Suppose I've a scrambled vector of consecutive integers 1:n, say {3,6,2,1,4,5}. My problem is to find, for each element, the number of elements to its left that are smaller than itself. So I'd like the program to return {0,1,0,0,3,4} for this example. This is what I've written in Fortran:
subroutine iterrank(n,invec,outvec,tempvec)
implicit none
integer :: n, i, currank
integer, dimension(n) :: invec, outvec, tempvec
tempvec = 0
outvec = 0
do i = 1,n
currank = invec(i)
outvec(i) = tempvec(currank)
tempvec(currank:n) = tempvec(currank:n) + 1
end do
return
end subroutine
It takes a temporary array (vector), and for each digit d the loop comes across, it adds 1 to every element beyond position d in the temporary vector. The next iteration then takes the appropriate element in the temporary vector as the count of elements smaller than itself. My questions are:
1) I believe this is of complexity O(n^2), since there are O(n) writes to the temporary vector in each iteration of the loop. Am I correct?
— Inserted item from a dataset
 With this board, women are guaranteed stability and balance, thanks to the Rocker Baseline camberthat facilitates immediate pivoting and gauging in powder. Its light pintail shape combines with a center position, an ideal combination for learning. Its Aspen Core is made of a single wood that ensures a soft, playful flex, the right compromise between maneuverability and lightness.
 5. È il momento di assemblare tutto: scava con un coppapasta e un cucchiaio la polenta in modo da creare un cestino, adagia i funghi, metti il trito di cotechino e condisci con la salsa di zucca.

2) Is there a more efficient way of doing this for large n (say, >100k)?
I believe this would be more efficient, and you could also reduce the temporary integer array to a single byte.
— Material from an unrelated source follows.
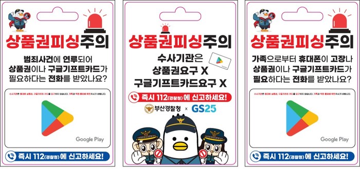 이번 업무협약에 따라 부산지역 GS25 940개 매장 내 구글기프트카드 판매대에는 구매 고객이 주의할 수 있도록 관련 안내문을 부착하고, 일부 매장에는 부산경찰청에서 제공하는 피싱 범죄 예방 영상을 송출해 피해를 줄일 예정입니다.

subroutine iterrank(n,invec,outvec,tempvec)
implicit none
integer :: n, i, currank
integer, dimension(n) :: invec, outvec, tempvec
tempvec = 0
!outvec = 0 ! no need to initialize something overwritten below
do i = 1 , n
currank = invec(i)
outvec(i) = sum( tempvec(1:currank) )
tempvec(currank) = 1
end do
end subroutine
The gain is that you are only writing twice per index, however you are reading elements a maximum of n*n times.
EDIT:
I haven't tried this, but it should do less reads, with a possible overhead of branching. It is possibly faster for extremely large arrays, I would however expect it to be slower for short arrays:
subroutine iterrank(n,invec,outvec,tempvec)
implicit none
integer :: n, i, currank, prevrank
integer, dimension(n) :: invec, outvec, tempvec
tempvec = 0
outvec(1) = 0
tempvec(invec(1)) = 1
do i = 2 , n
prevrank = invec(i-1)
currank = invec(i)
if ( abs(prevrank-currank) > currank ) then
outvec(i) = sum( tempvec(1:currank) )
else if ( prevrank < currank ) then
outvec(i) = outvec(i-1) + sum( tempvec(prevrank:currank) )
else
outvec(i) = outvec(i-1) - sum( tempvec(currank:prevrank-1) )
end if
tempvec(currank) = 1
end do
end subroutine iterrank